Kest LogoKest
Get Started
Concepts/COMPLIANCE

Cryptographic Audit Trails

compliance
Ref: KST-audit_trails

In conventional architectures, application logs are typically forwarded to a centralized logging server (e.g., Elasticsearch, Splunk) as flat text or JSON objects. This model is fundamentally flawed from a security and compliance perspective.

If an attacker compromises a single application node, they can alter the node's local logs before forwarding, inject forged logs into the central system, or selectively drop logs covering their tracks. Because the logs are fungible (interchangeable and easily altered), auditors have no cryptographic guarantee that the logs accurately reflect reality.

The Immutable Record

Kest guarantees non-fungibility through the Merkle-linked execution lineage (the Passport) and JSON Web Signatures (JWS).

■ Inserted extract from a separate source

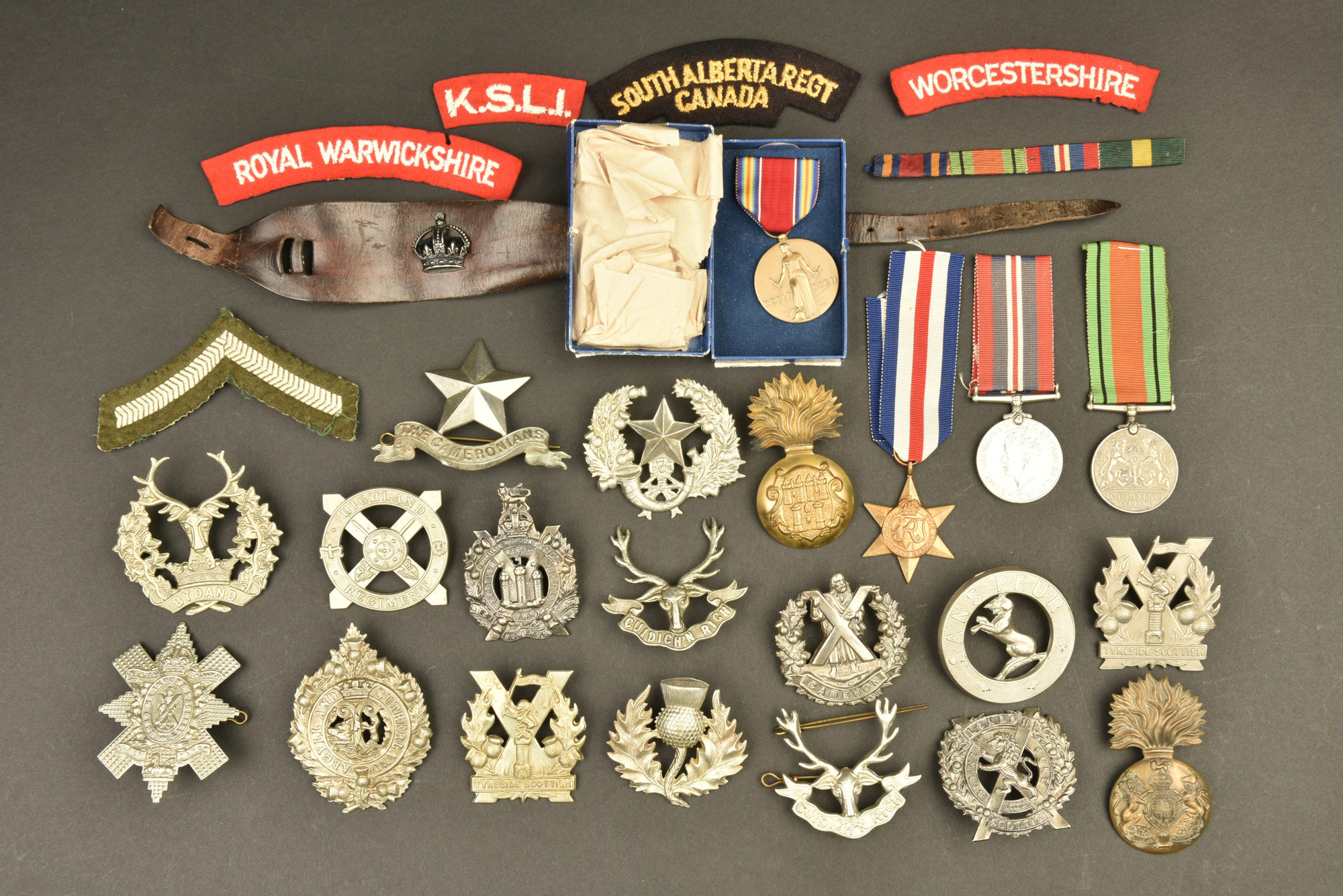 Insignes britannique. Comprenant un cap badge Aryll and Sutherland. Un grade de manche. Un Title Worcestershire, Un title Royal Warwickshire. Un title South Alberta Regt Canada. Un title KSLI. Un... en savoir plus

  1. Workload Identity: Kest nodes fetch short-lived X509 certificates and private keys from the local SPIRE agent.
  2. Cryptographic Signatures: When an application executes a @kest_verified function, Kest produces an entry containing the policy decision, the node ID, the parent node's signature hash, and a timestamp. Kest signs this payload with the node's private key.
  3. Hash Linking: Because every execution entry hashes the preceding entry's signature, changing any part of an entry breaks the hash for every subsequent entry in the chain.

Verification Guarantees

Instead of trusting the logging agent, auditors extract the kest.signature attributes from the OpenTelemetry span logs and run the PassportVerifier.

python
from kest.core import Passport, PassportVerifier
 
# Spans are collected directly from the OpenTelemetry datastore
# and provided to the Verifier.
 
passport = Passport(entries=[sig1, sig2, sig3])
 
# The `providers` argument represents the trusted public keys
# associated with the SPIFFE IDs. In a production environment,
# the Verifier fetches these directly from the SPIRE Trust Bundle.
PassportVerifier.verify(passport, providers=spire_trust_bundle)

The verifier confirms that:

  • The JWS is mathematically valid and signed by the private key belonging to the stated spiffe_id.
  • The kest.parent_hash inside the payload exactly matches the SHA-256 hash of the preceding JWS.

Proof of Execution

The non-fungible audit trail guarantees that the execution occurred exactly as recorded. A compromised node cannot forge a request from an upstream node because it does not possess the upstream node's private key. The cryptographic proof of execution simplifies post-breach forensics and ensures indisputable regulatory compliance.